What role doe air density and level above zero play when heating water in an electric kettle?
I have this formula
\(\tau = \frac {c_w m (t_w - t_i)}{\eta P} = \frac {4180 \cdot{2} \cdot{(100-10)}}{0.9 \cdot{ 1200}} \,\mathrm s = 697 \,\mathrm s \dot= 12 \,\mathrm {min}\,. \)
Which is the basic formula to calulate the time it takes to heat 2 kg of water with 90% efficiency and 1200 Watts of power.
No I heard that air density/pressure and level above zero make a difference. Of course in a vaacum boiling is instant, isn't it?
How would those 2 additional variables play into that formula?
Thanks!
You are only HEATING the water...not BOILING the water....
from your calc it appears as though you are heating the water from 10 to 100 degrees C. The specific heat of water is 4.186 j/(gm-C)
(you are using 4180 j/(kg-C) The specific heat of liquid water is relatively constant below the boiling point.
At a lower pressure (higher altitude) the water will BOIL at a lower temperature....before YOU GET to 100 C, but the enrgy needed to heat each KG of water from it's liquid starting point for each degree C up to the boiling point is still the same.
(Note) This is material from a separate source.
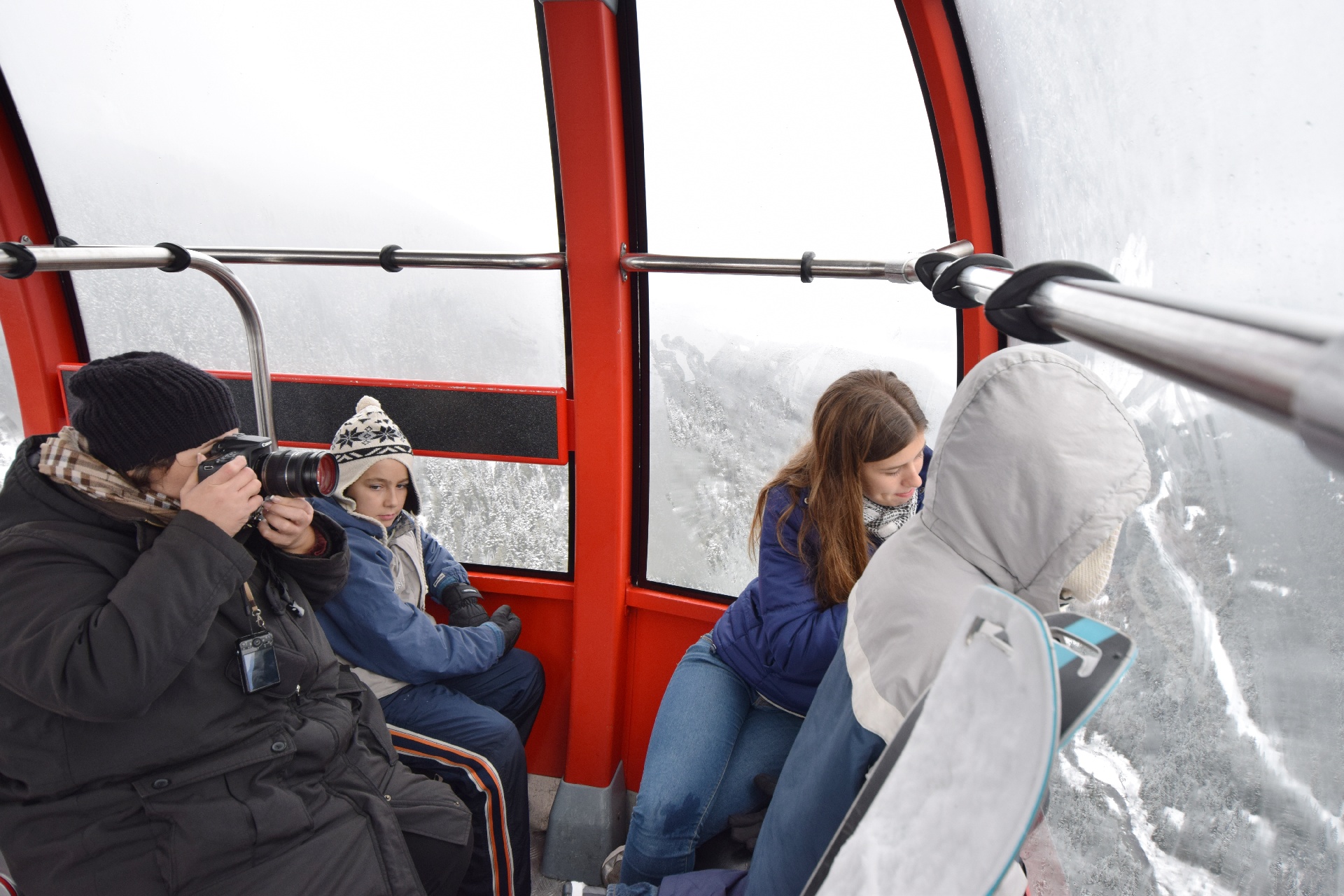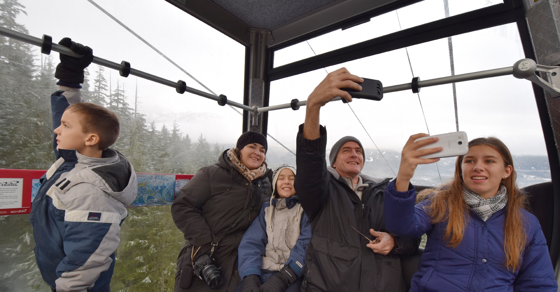 First ride in a ski gondola! ...iiiiit's selfie time!

No.....the boiling of water (like the melting of ice) occurs at a constant temoerature 100C (lees if the pressure is lowered).....adding more heat will only make it boil faster at 100 C .....you CAN heat up the steam past the boiling point, but not the water.
If you start with very cold ice, you can add heat to warm it up to 0C where it will begin to melt.....adding heat results in faster ice melting, but no temp increase in the ice. You CAN heat up the water past the melting point...up to the boiling point as describd above.